What to work on
The material below holds pictures; leave them out and reproduce exactly the lines from the one with "Presentiamo il nostro" through the one with "Multifunctional bag with", inclusive.

Task input
§

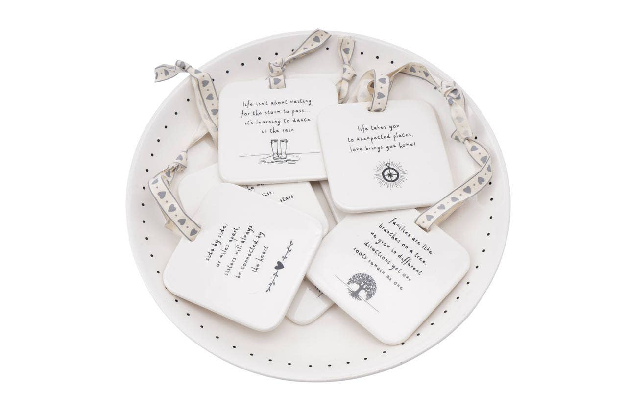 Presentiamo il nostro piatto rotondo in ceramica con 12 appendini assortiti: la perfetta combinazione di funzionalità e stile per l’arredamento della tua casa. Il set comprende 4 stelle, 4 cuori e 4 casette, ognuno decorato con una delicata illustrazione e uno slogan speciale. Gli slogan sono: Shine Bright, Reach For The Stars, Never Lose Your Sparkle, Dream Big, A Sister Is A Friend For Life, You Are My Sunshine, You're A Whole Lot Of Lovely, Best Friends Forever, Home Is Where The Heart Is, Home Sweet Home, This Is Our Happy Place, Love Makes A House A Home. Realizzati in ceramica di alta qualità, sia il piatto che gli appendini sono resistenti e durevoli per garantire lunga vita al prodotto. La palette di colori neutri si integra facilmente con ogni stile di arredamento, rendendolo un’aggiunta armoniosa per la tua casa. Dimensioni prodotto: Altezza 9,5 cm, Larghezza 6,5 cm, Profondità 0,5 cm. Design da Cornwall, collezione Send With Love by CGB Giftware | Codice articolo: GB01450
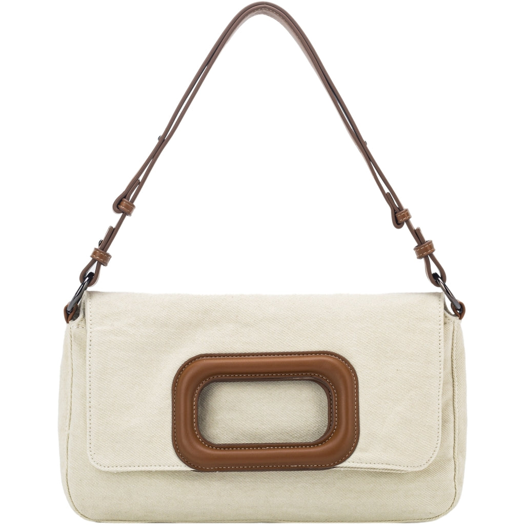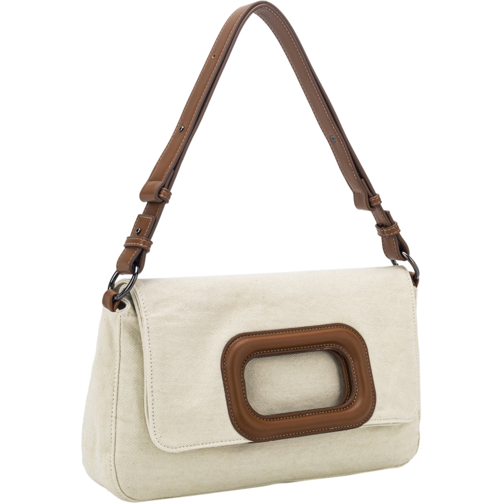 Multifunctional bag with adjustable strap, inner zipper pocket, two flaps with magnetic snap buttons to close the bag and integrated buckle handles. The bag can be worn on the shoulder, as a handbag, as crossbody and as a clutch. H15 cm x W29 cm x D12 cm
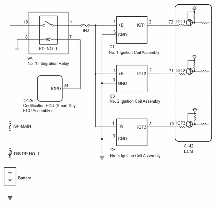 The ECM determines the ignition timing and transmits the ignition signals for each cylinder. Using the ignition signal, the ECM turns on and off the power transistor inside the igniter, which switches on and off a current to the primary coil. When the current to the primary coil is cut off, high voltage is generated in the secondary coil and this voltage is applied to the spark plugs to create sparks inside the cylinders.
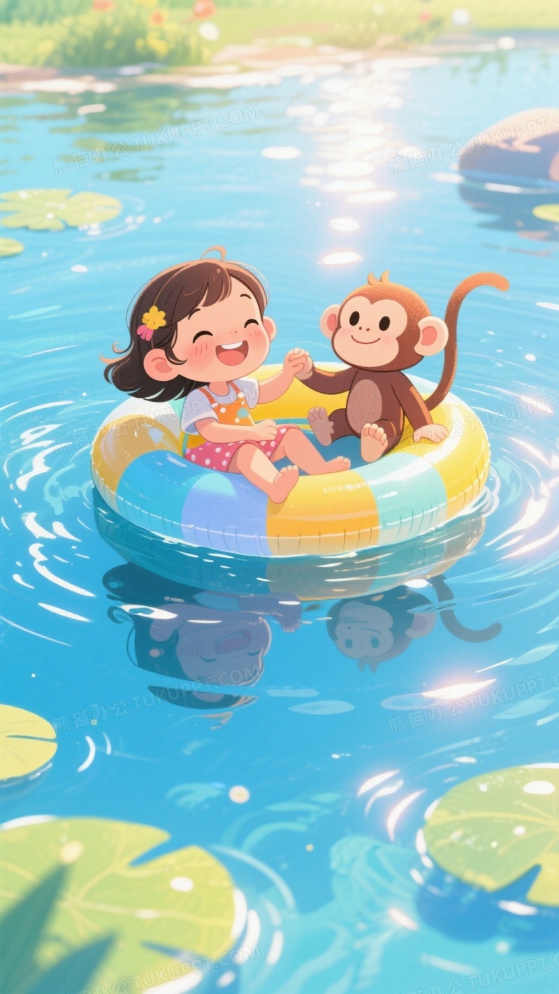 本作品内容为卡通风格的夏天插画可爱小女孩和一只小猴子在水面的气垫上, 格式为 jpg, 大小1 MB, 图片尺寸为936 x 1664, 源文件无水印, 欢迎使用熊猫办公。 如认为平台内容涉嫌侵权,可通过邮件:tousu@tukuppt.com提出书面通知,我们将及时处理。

§

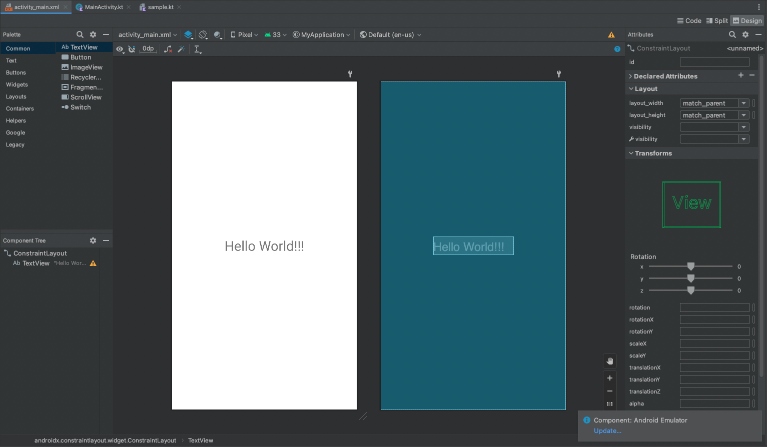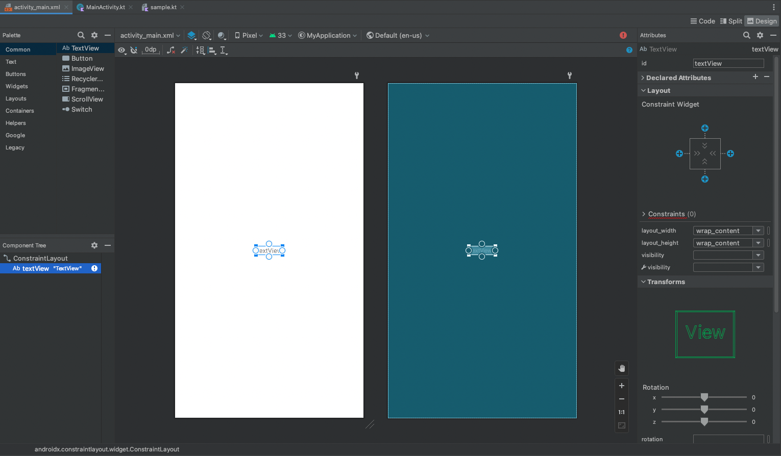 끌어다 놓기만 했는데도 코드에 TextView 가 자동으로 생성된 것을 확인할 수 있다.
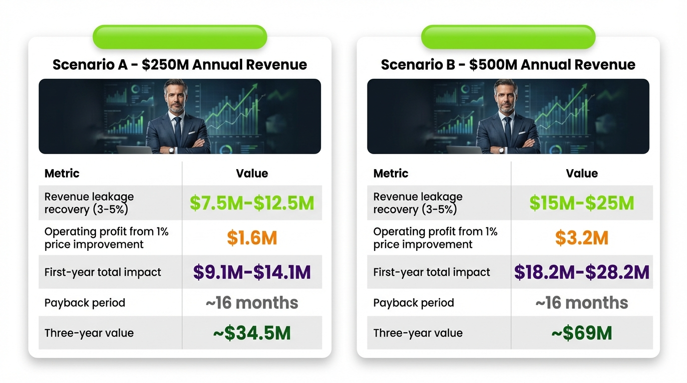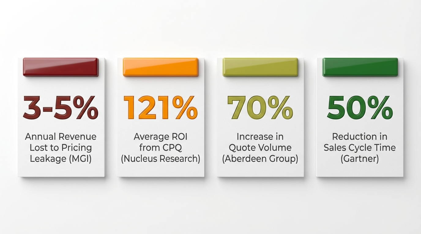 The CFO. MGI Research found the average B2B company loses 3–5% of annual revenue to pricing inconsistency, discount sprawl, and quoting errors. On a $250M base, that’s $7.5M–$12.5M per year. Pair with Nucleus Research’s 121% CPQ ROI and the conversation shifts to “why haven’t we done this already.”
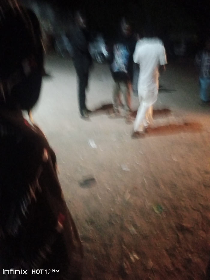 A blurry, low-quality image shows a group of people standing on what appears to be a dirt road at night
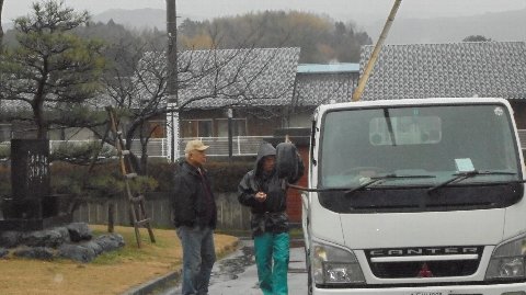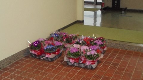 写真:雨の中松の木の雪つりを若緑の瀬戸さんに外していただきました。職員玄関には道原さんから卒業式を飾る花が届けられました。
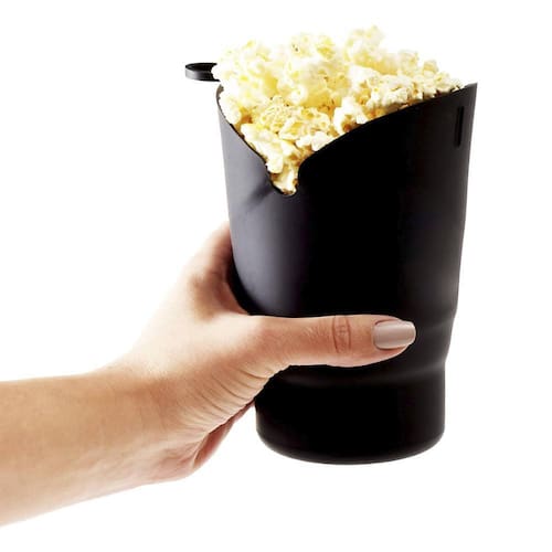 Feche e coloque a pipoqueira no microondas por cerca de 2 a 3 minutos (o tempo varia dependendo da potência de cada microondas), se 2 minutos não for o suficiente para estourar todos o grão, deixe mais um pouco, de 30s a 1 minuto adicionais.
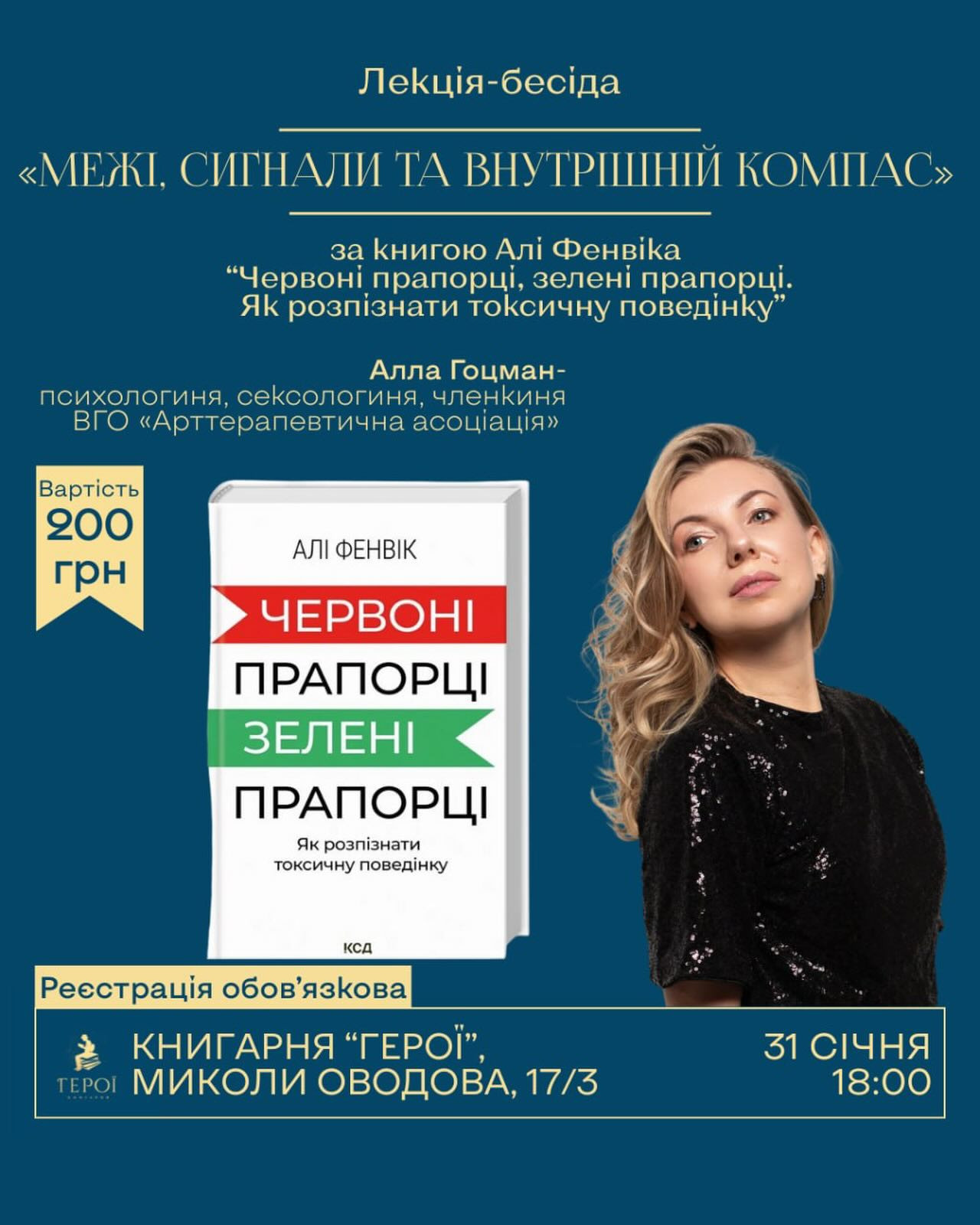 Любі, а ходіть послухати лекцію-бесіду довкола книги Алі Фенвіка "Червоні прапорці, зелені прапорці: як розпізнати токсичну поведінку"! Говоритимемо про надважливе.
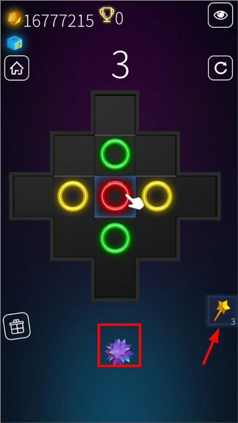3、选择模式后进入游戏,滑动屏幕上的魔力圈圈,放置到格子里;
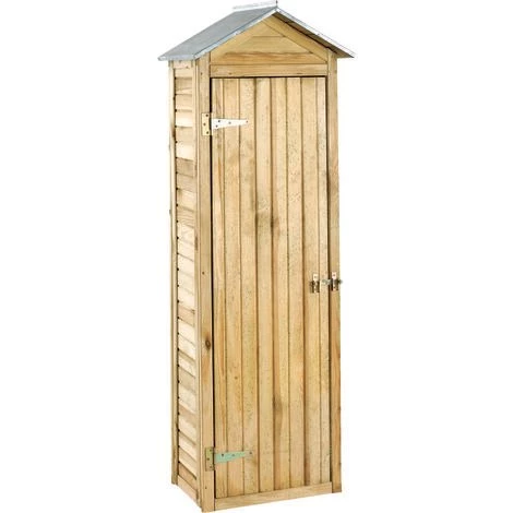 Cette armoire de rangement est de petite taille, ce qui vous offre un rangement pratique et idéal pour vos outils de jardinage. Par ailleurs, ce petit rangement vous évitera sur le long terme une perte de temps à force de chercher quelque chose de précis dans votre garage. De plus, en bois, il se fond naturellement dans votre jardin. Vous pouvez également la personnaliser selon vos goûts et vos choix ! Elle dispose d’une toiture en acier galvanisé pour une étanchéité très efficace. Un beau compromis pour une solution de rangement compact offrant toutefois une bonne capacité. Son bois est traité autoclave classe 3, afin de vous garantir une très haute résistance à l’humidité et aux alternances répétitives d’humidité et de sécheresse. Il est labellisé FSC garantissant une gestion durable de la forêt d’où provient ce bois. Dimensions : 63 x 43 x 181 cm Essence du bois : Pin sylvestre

§

Your response
 Presentiamo il nostro piatto rotondo in ceramica con 12 appendini assortiti: la perfetta combinazione di funzionalità e stile per l’arredamento della tua casa. Il set comprende 4 stelle, 4 cuori e 4 casette, ognuno decorato con una delicata illustrazione e uno slogan speciale. Gli slogan sono: Shine Bright, Reach For The Stars, Never Lose Your Sparkle, Dream Big, A Sister Is A Friend For Life, You Are My Sunshine, You're A Whole Lot Of Lovely, Best Friends Forever, Home Is Where The Heart Is, Home Sweet Home, This Is Our Happy Place, Love Makes A House A Home. Realizzati in ceramica di alta qualità, sia il piatto che gli appendini sono resistenti e durevoli per garantire lunga vita al prodotto. La palette di colori neutri si integra facilmente con ogni stile di arredamento, rendendolo un’aggiunta armoniosa per la tua casa. Dimensioni prodotto: Altezza 9,5 cm, Larghezza 6,5 cm, Profondità 0,5 cm. Design da Cornwall, collezione Send With Love by CGB Giftware | Codice articolo: GB01450
 Multifunctional bag with adjustable strap, inner zipper pocket, two flaps with magnetic snap buttons to close the bag and integrated buckle handles. The bag can be worn on the shoulder, as a handbag, as crossbody and as a clutch. H15 cm x W29 cm x D12 cm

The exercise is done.